Compositional Closure: The Property That Makes Trust Guarantees Hold Forever

Here is the most important property in CCF's mathematical foundation. It fits in one line:

If M_1 and M_2 are doubly stochastic, then M_1 * M_2 is doubly stochastic.

The set of doubly stochastic matrices is closed under multiplication. Apply a valid trust transfer, then another, then another. A million times. The result is still a valid trust transfer. The safety guarantee at tick one is identical to the safety guarantee at tick ten million.

This property is called compositional closure, and it is why CCF's trust guarantees do not degrade over time.

The One-Line Proof

Let M_1 and M_2 be n-by-n doubly stochastic matrices. We need to show M_1 M_2 is doubly stochastic: non-negative, row sums equal 1, column sums equal 1.

Non-negativity. The product of non-negative matrices is non-negative. Each entry of M_1 M_2 is a sum of products of non-negative terms.

Row sums. Let 1 denote the column vector of all ones.

(M_1 M_2) 1 = M_1 (M_2 1) = M_1 1 = 1

M_2 is doubly stochastic, so M_2 * 1 = 1 (row sums of M_2 are 1). Then M_1 * 1 = 1 (row sums of M_1 are 1). Therefore the row sums of the product are 1.

Column sums. Let 1^T denote the row vector of all ones.
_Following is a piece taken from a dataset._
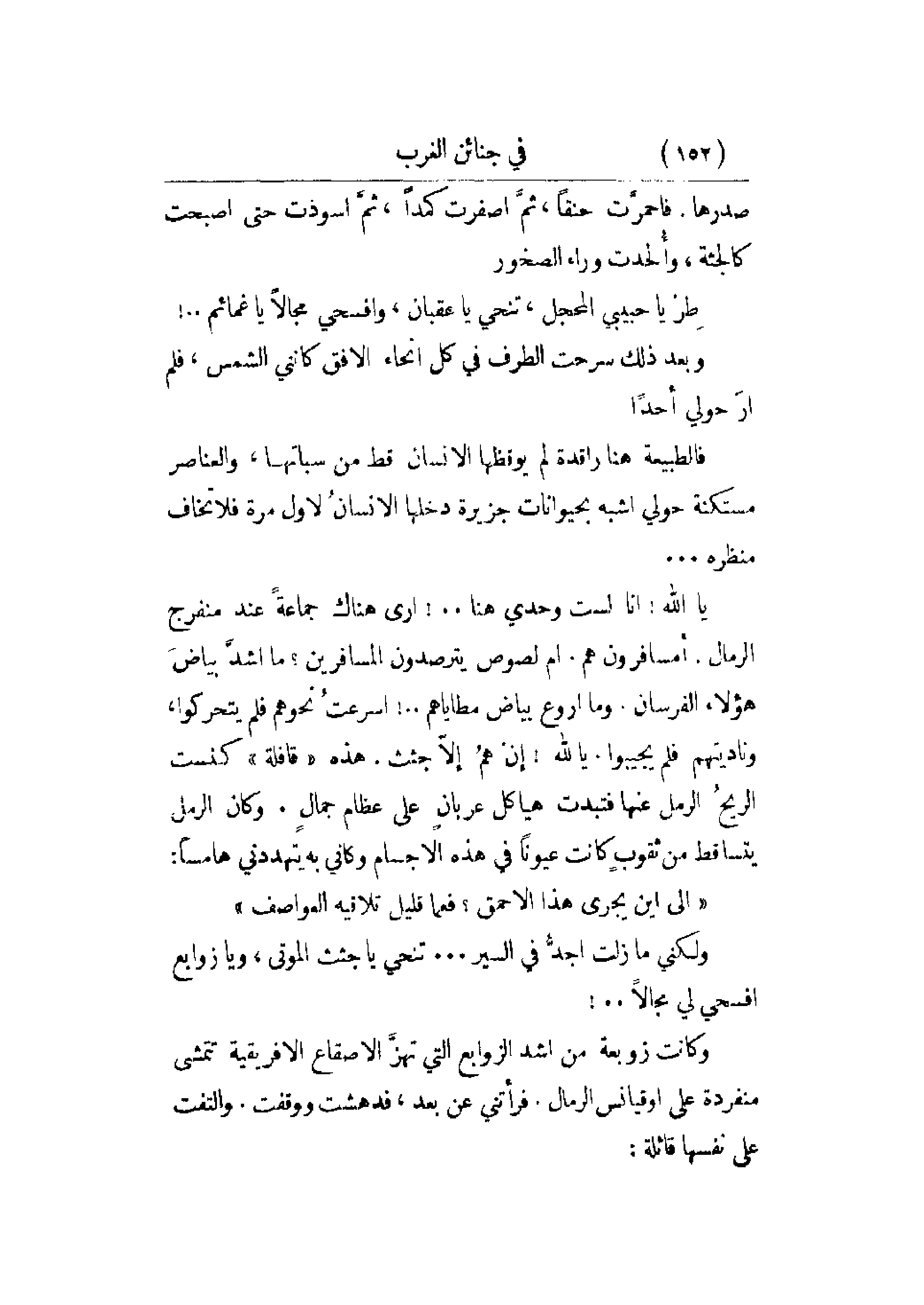يا الله! أنا لست وحدي هنا. .! أرى هناك جماعة عند منفرج الرمال. أمسافرون هم. أم لصوص يترصدون المسافرين؟ ما أشد بياض هؤلاء الفرسان. وما أروع بياض مطاياهم. .! أسرعت نحوهم فلم يتحركوا، وناديتهم فلم يجيبوا. يا الله! إن هم إلا جثث. هذه قافلة كنست الريح الرمل عنها فتبدت هياكل عربان على عظام جمال. وكان الرمل يتساقط من ثقوب كانت عيوناً في هذه الأجسام وكأني به يتهددني هامساً:

1^T (M_1 M_2) = (1^T M_1) M_2 = 1^T M_2 = 1^T

M_1 is doubly stochastic, so 1^T M_1 = 1^T (column sums of M_1 are 1). Then 1^T M_2 = 1^T (column sums of M_2 are 1). Therefore the column sums of the product are 1.

QED. Three lines. The proof is so short because it is an algebraic identity -- it follows directly from the definition of matrix multiplication and the doubly stochastic constraint.

Why This Is Remarkable

Most safety properties degrade over time. Here is an incomplete list of systems where repeated application erodes guarantees.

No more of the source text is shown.